> [WHAT TO PRODUCE] In the records below, repeat exactly the lines between the line holding "本次活动包括四个环节:人胚早" and the line holding "GIF-福克斯长传越过两人,文班亚马接球转身双手暴扣", inclusive, and drop the pictures.

DATA EXTRACTS START

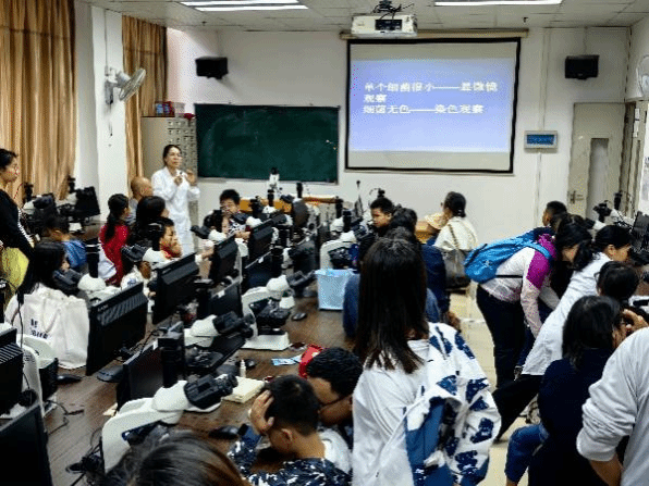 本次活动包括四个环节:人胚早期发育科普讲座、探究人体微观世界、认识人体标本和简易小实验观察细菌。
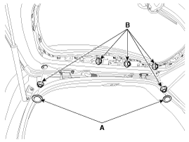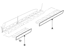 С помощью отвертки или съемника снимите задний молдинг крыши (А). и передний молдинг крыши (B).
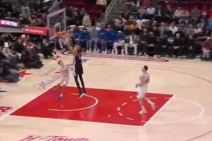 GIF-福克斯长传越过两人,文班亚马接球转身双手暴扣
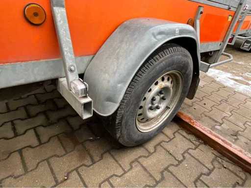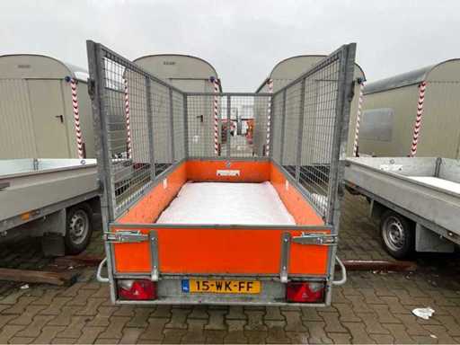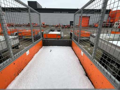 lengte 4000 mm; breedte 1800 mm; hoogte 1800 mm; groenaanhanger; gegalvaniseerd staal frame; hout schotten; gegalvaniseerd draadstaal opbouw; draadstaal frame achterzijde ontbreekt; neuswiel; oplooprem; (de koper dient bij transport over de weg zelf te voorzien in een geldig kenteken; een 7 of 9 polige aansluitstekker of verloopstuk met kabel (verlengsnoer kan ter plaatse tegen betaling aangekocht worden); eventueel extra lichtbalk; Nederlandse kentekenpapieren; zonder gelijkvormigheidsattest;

DATA EXTRACTS END
DATA EXTRACTS START

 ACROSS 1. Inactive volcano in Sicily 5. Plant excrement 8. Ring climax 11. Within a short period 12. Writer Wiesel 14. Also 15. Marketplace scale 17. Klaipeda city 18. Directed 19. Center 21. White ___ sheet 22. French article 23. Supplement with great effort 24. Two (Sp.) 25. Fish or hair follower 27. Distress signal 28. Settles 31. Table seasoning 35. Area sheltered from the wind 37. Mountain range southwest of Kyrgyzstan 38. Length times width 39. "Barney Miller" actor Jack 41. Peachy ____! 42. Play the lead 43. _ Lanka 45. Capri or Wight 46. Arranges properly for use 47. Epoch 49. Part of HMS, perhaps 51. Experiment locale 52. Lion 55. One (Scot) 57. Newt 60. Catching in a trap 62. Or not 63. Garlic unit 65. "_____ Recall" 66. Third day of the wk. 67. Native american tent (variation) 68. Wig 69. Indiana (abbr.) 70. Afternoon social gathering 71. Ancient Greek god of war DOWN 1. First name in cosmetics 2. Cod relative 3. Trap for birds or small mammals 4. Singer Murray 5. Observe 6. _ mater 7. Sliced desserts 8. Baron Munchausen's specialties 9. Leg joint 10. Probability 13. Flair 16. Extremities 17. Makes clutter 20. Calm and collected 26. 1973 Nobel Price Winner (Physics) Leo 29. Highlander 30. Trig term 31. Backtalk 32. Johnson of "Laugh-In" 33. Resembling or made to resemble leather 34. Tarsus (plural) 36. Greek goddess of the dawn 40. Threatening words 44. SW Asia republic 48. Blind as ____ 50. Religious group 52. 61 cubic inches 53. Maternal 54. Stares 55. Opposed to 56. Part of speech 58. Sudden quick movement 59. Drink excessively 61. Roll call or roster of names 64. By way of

DATA EXTRACTS END
DATA EXTRACTS START

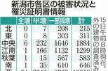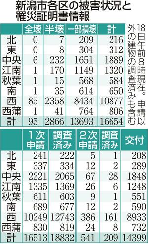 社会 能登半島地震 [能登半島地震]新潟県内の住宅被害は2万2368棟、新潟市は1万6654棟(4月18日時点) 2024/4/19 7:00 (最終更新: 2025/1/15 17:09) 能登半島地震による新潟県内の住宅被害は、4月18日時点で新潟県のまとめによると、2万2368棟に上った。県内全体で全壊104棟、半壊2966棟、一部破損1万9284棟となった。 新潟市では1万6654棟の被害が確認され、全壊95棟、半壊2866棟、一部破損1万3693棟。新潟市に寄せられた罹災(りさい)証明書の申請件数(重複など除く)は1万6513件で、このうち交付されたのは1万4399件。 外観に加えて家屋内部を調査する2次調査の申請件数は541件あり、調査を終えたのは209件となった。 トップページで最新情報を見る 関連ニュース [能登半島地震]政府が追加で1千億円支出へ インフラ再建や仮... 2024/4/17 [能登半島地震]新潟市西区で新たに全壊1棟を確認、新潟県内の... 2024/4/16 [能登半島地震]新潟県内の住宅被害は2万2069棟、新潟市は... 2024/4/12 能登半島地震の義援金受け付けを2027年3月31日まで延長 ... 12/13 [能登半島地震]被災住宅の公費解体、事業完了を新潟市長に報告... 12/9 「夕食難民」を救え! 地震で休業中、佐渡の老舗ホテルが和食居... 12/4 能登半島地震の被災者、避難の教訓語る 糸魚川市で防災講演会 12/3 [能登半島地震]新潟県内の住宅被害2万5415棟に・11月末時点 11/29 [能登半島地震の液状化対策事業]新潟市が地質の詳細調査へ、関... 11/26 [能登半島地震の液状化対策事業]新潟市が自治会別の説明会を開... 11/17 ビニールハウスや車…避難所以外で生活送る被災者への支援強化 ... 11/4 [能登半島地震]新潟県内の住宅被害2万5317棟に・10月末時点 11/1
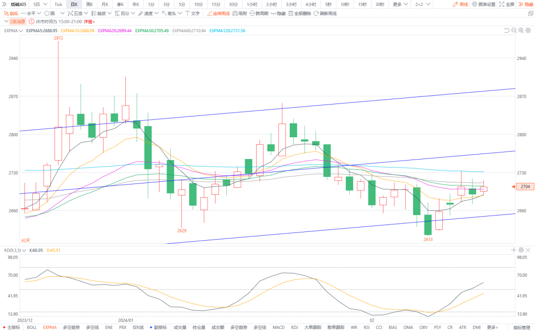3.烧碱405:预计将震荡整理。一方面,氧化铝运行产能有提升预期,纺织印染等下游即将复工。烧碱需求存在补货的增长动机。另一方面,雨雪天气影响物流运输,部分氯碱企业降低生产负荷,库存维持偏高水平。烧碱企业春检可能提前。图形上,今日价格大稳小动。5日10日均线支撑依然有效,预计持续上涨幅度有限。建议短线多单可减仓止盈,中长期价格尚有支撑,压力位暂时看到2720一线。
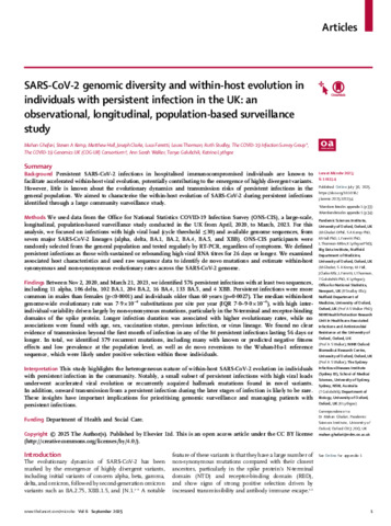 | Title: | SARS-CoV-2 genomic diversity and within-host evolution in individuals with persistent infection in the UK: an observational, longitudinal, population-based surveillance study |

DATA EXTRACTS END

> [REPLY TO THE TASK]
 本次活动包括四个环节:人胚早期发育科普讲座、探究人体微观世界、认识人体标本和简易小实验观察细菌。
 С помощью отвертки или съемника снимите задний молдинг крыши (А). и передний молдинг крыши (B).
 GIF-福克斯长传越过两人,文班亚马接球转身双手暴扣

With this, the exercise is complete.